Preseve Empty String when using FCSV Parser

mark_d_drakemark_d_drake Community Edition User
edited May 2021 in General Discussion

If I have a CSV file with an empty string
eg

"XXX","","YYY"

and use the following options with COPY:

PARSER fcsvparser(type='rfc4180', header=false, trim=false) NULL ''`,

I get a NULL instead of an empty string for column 2. Is there a setting that will preserve the EMPTY string ?

Answers

  • Jim_KnicelyJim_Knicely - Select Field - Administrator

    Maybe a FILLER?

    verticademos=> \d mark;
                                       List of Fields by Tables
     Schema | Table | Column |    Type     | Size | Default | Not Null | Primary Key | Foreign Key
    --------+-------+--------+-------------+------+---------+----------+-------------+-------------
     public | mark  | c1     | varchar(80) |   80 |         | f        | f           |
     public | mark  | c2     | varchar(80) |   80 |         | f        | f           |
     public | mark  | c3     | varchar(80) |   80 |         | f        | f           |
    (3 rows)
    
    verticademos=> \! cat /home/dbadmin/mark.txt
    "XXX","","YYY"
    
    verticademos=> COPY mark (c1, c2_f FILLER VARCHAR, c2 AS NVL(c2_f, ''), c3) FROM '/home/dbadmin/mark.txt' PARSER fcsvparser(type='rfc4180', header=false, trim=false);
     Rows Loaded
    -------------
               1
    (1 row)
    
    verticademos=> SELECT * FROM mark WHERE c2 = '';
     c1  | c2 | c3
    -----+----+-----
     XXX |    | YYY
    (1 row)
    
  • mark_d_drakemark_d_drake Community Edition User

    Jim
    Thanks for the response, I'll give it a go.
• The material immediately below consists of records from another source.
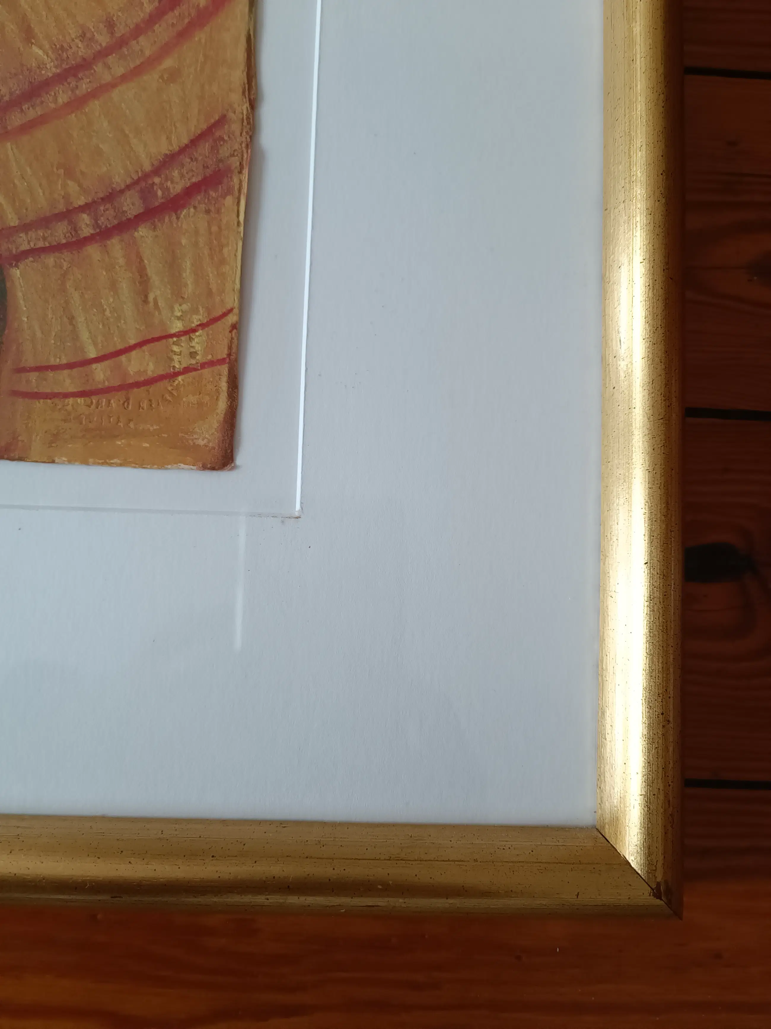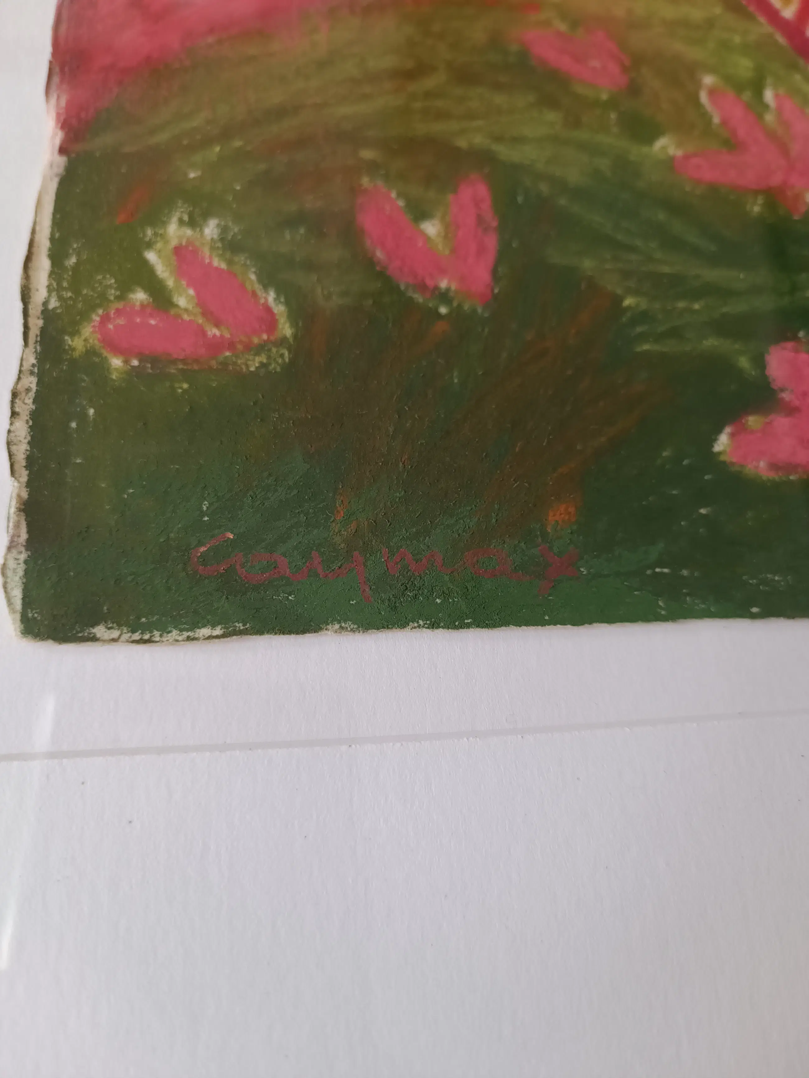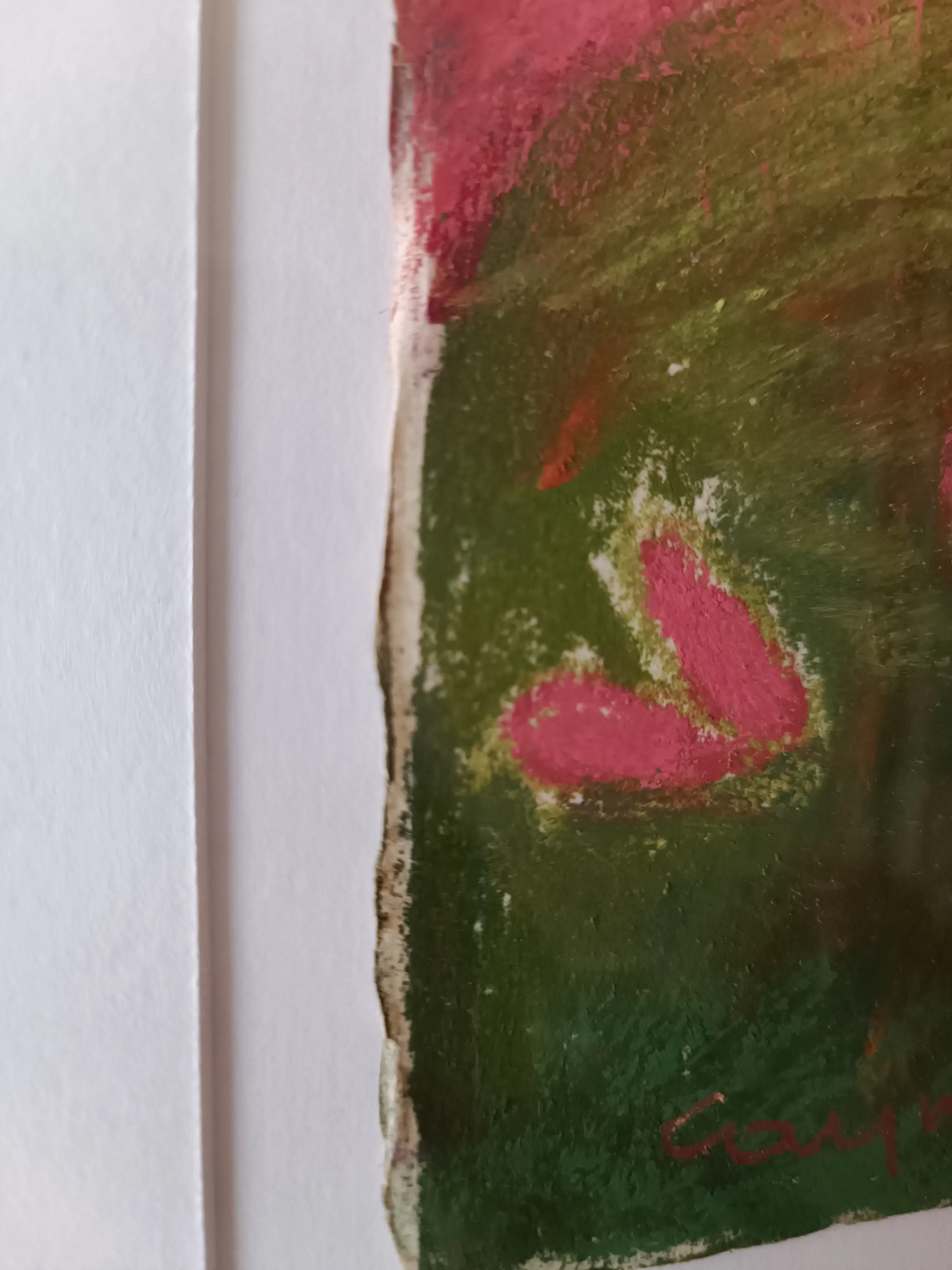 Groot origineel werk van Katrien Caymax. De titel wordt niet op het werk zelf vermeld maar wellicht is het Margarita, gezien dit op de achterkant genoteerd staat. Kleuren groen, framboos, oranjebruin. Zeer mooie vergulde lijst.
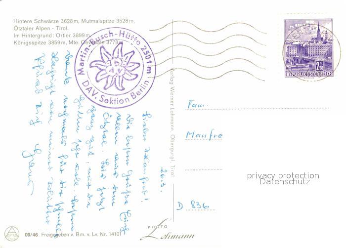 72693496 alte Postkarte oetztal Tirol Alpen Hintere Schwaerze Ortler postalisch gelaufen Erhaltung siehe scans [KathaD79] KatCode: 11390334070214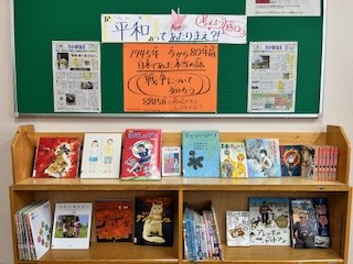 図書室の掲示板コーナーを新しくしています。今年は、終戦80年を迎えた年でもありますので、平和について考える本を集めてみました。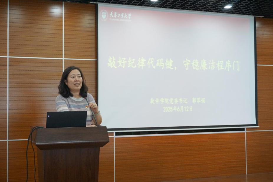 紧接着,学院党委书记郭翠娟结合深入贯彻中央八项规定精神学习教育,以 “敲好纪律代码键,守稳廉洁程序门”为题,为毕业生党员讲授专题党课。党课开篇,她将纪律建设与编程思维巧妙联结:“中央八项规定精神如同程序的核心代码,一处疏漏便可能引发系统崩溃。身为党员,我们既是时代的‘程序员’,就当以纪律为准则,精敲细琢每一行‘作风代码’,筑牢廉洁防火墙,让人生程序始终在正轨上稳健运行。”她强调,毕业生党员即将步入社会,无论是在何种岗位,都要时刻保持清醒的头脑,坚决抵制各种不良风气,将中央八项规定精神内化于心、外化于行,以良好的作风和形象展现新时代党员的风采。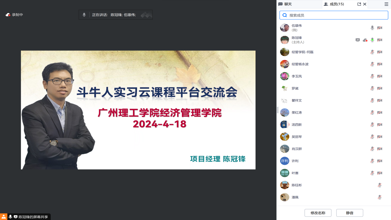 (通讯员:许利)2024年4月18日,suncitygroup太阳集团财管系召开了斗牛人实习云课程平台交流会。本次活动通过腾讯会议的方式进行,参与人员有系主任伍雄伟、斗牛人实习云课程平台项目经理陈冠锋、任课教师荣红涛、李玉凤、潘佩、董化春、许利、罗崴、朱泓宇等。

I am writing a general purpose tool https://github.com/markddrake/YADAMU---Yet-Another-DAta-Migration-Utilitywhich will generate these commands. How expensive would this be, assuming i Have to apply it to all VARCHAR columns (which would be the majority of the columns loaded). Eg is it worth me adding a switch to allow people to only enable preserving zero length strings if it is important to them.

    Also, since trim=false preserves leading and trailing whitespace wouldn't it be logical for it to also treat "" as zero length sting, particularly as ,, is explicitly mapped to NULL.

  • Jim_KnicelyJim_Knicely - Select Field - Administrator
    edited May 2021

    @mark_d_drake - That's cool that you are writing a migration utility!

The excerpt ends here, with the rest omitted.